Eighteen-year-old senior Marina Gonzales said she came to earn National Honor Society hours, but wanted to express herself about the shooting. She was writing a letter of support to the Parkland students because they were most impacted by it.
Kyrstin Castillo, a 16-year-old sophomore, said she attended for the NHS hours, but also to express her thoughts. She added that the shooting was ruthless and there were a lot of youngsters affected by it.
Novalyn Ontiveros, a 17-year-old senior, said a lot of people her age were talking about the shooting on social media. She was writing to Conaway, a Midland Republican, to urge stricter gun laws.
“It’s a big deal and not many people think we should have a say in it, but I think we can make a change,” Ontiveros said.

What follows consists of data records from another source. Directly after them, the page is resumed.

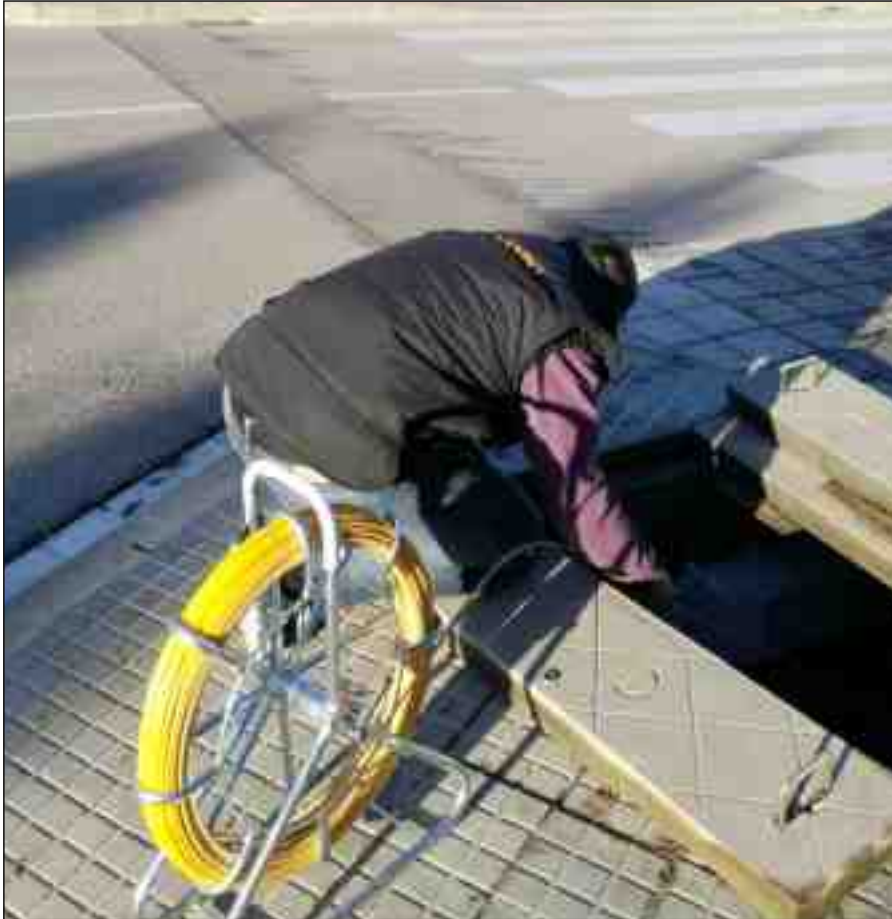
Un operari treballant en la instal·lació del cablejat per a la fibra òptica

Aquest final d'any ha començat el desplegament, que a l'abril arribarà a tot el poble
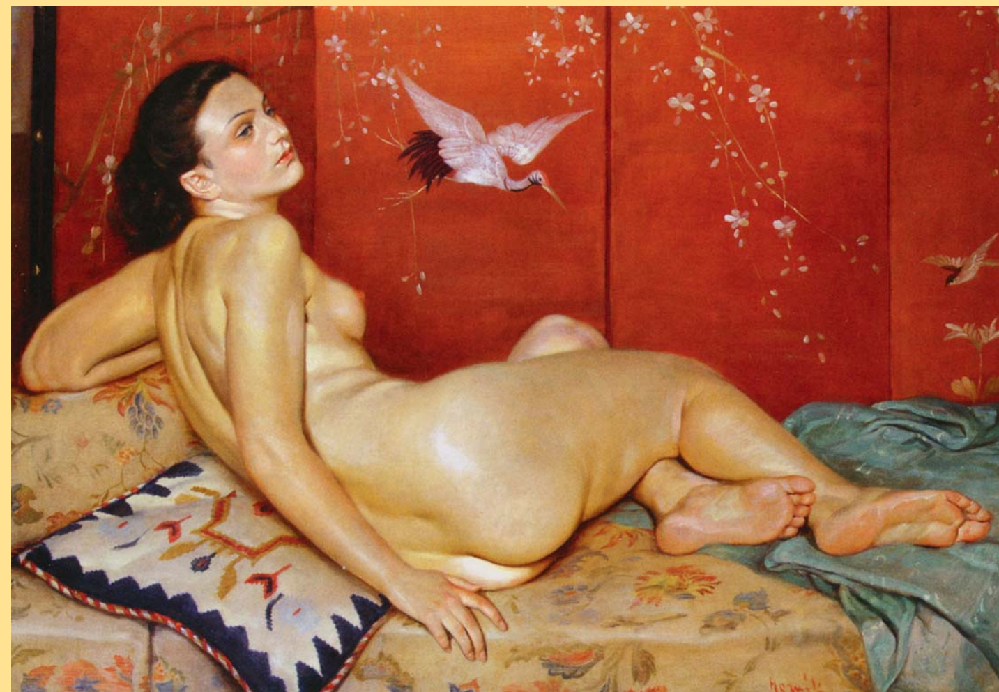
František Horník-Lánský: Akt, 20. léta 20. století
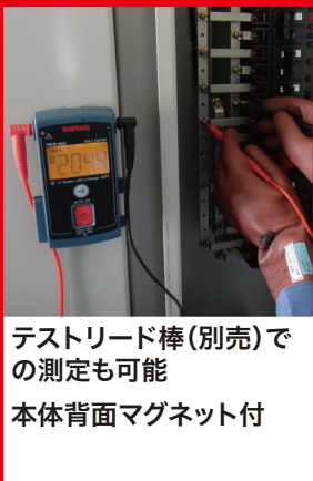
テストリード棒(別売)での測定も可能本体背面マグネット付
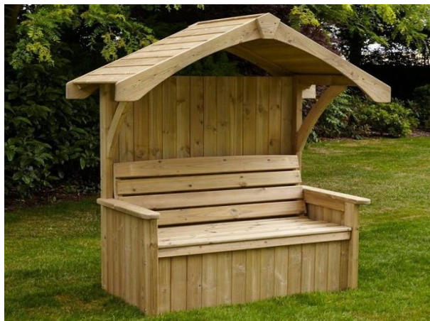
Slika 15. Natkrivena klupa
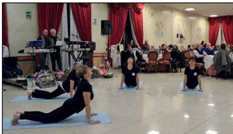
Un esercizio di yoga durante la serata dell'Eco.

Infatti, come le tensioni fisiche possono provocare, oltre che aggravare, la tensione mentale, allo stesso modo il rilassamento fisico può portare serenità a una mente preoccupata .
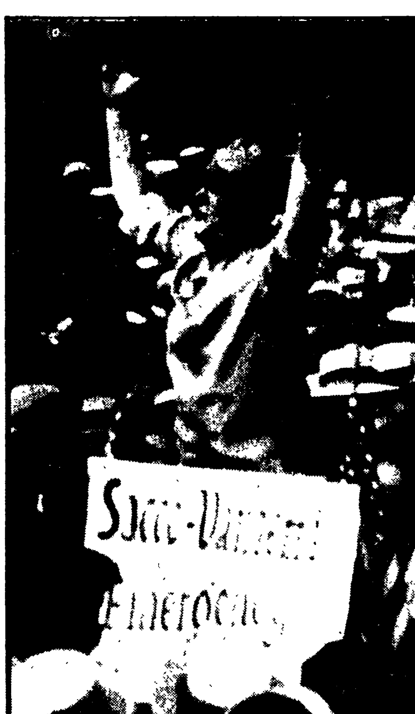
Una manifestazione popolare negli Stati Uniti a sostegno di Sacco e Vanzetti ai tempi dell'ingenuo processo
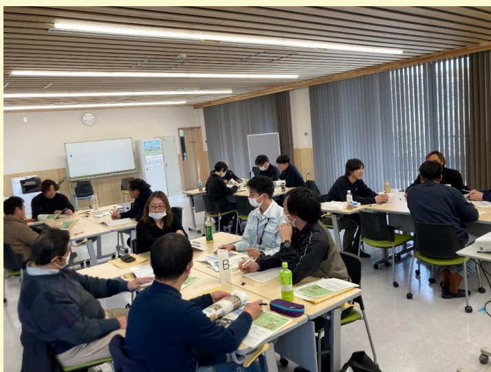
【第1回きゅうり基礎力アップ研修会の様子】
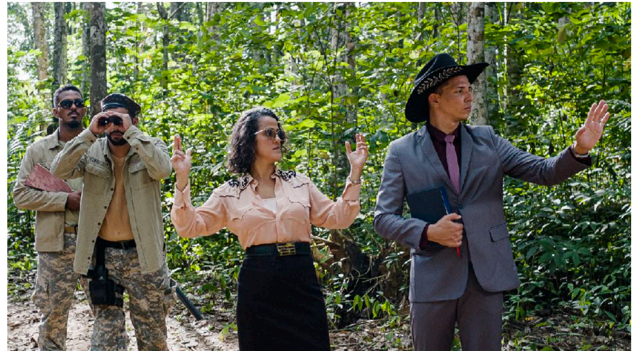
BÁRBARA WAGNER E BENJAMIN DE BURCA Fala da Terra [Voice of the Land], 2022 Vídeo 2K, HD, cor, som 5.1 17'26" Edição de [Edition of] 5 + 2 AP
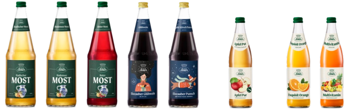
Most, Glühwein und Punsch
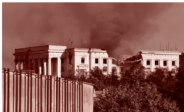
Штаб Черноморского Флота РФ после обстрела
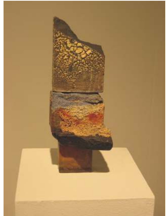
Verticales (2002-3) Refractario, óxidos y esmaltes

Nacional de Cerámica, estudiando los seis años que comprendía la carrera.
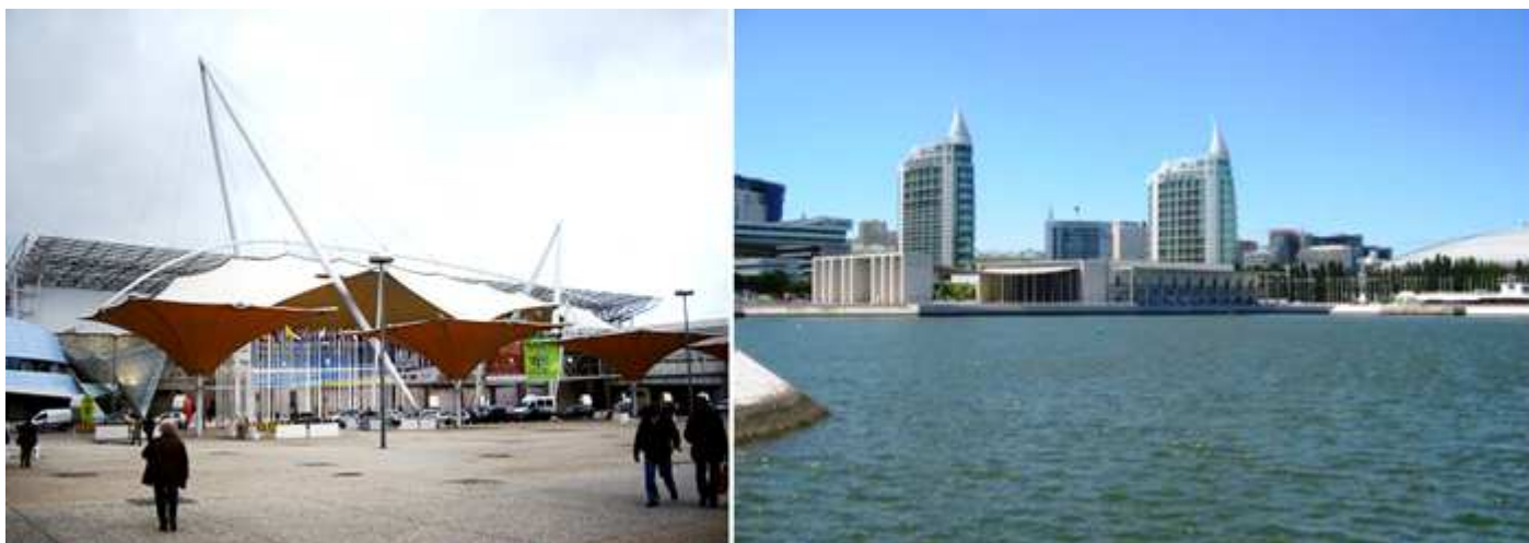
❶ Dejamos los espacios colindantes con la feria. ❷ Desde la Marina las Torres de San Gabriel y Rafael..

Eighteen-year-old senior Octavian Hinds said there are a lot of people getting gunned down and dying just doing everyday things.
“It strikes fear in kids’ hearts, like me, her anyone that comes into school because we never know when it’s going to happen to us because it happens to kids all over the country — Oregon to Florida to New York. There’s no boundary on it and there’s no one who’s safe from it,” Hinds said.
“So unless there is some type of action to reform it and keep guns from people like that, or just find a new system that works better like other countries do, it’s all vital because kids like me are scared to come to school … It’s worrisome at times, but hopefully one day I can send my kids to school without being worried,” Hinds added.
Associate Principal for Operations Tony Parris said he was impressed by the students taking action to organize the event.
“It was their idea to put this all together,” Parris said. “They took all the initiative. They advertised it. I think we’ve got a really good turnout.”
“… You take the politics out of it and it’s about kids supporting kids. They waited long enough for the emotion of the event to go by. Time had passed and they still wanted to show support for the kids and what they’ve been through. They took the politics out of it. They didn’t pick a side. But they said what we’re going to do is support those kids and let them know there’s other people out here that are thinking about them,” Parris said.
Lisa Roth, an English teacher who also teaches in the International Baccalaureate program, said she is proud of the students for coming up with the idea for the letter-writing campaign.
“… There were several incarnations of what this might look like, or sound like. They listened to input, they made adjustments but this is really well done, well executed. I really like that it’s an authentic experience, a way to build community, a way to open a conversation on a difficult subject in our community. If you don’t open those conversations, how can you solve problems?” Roth said.
She noted that Chicken Express donated the food.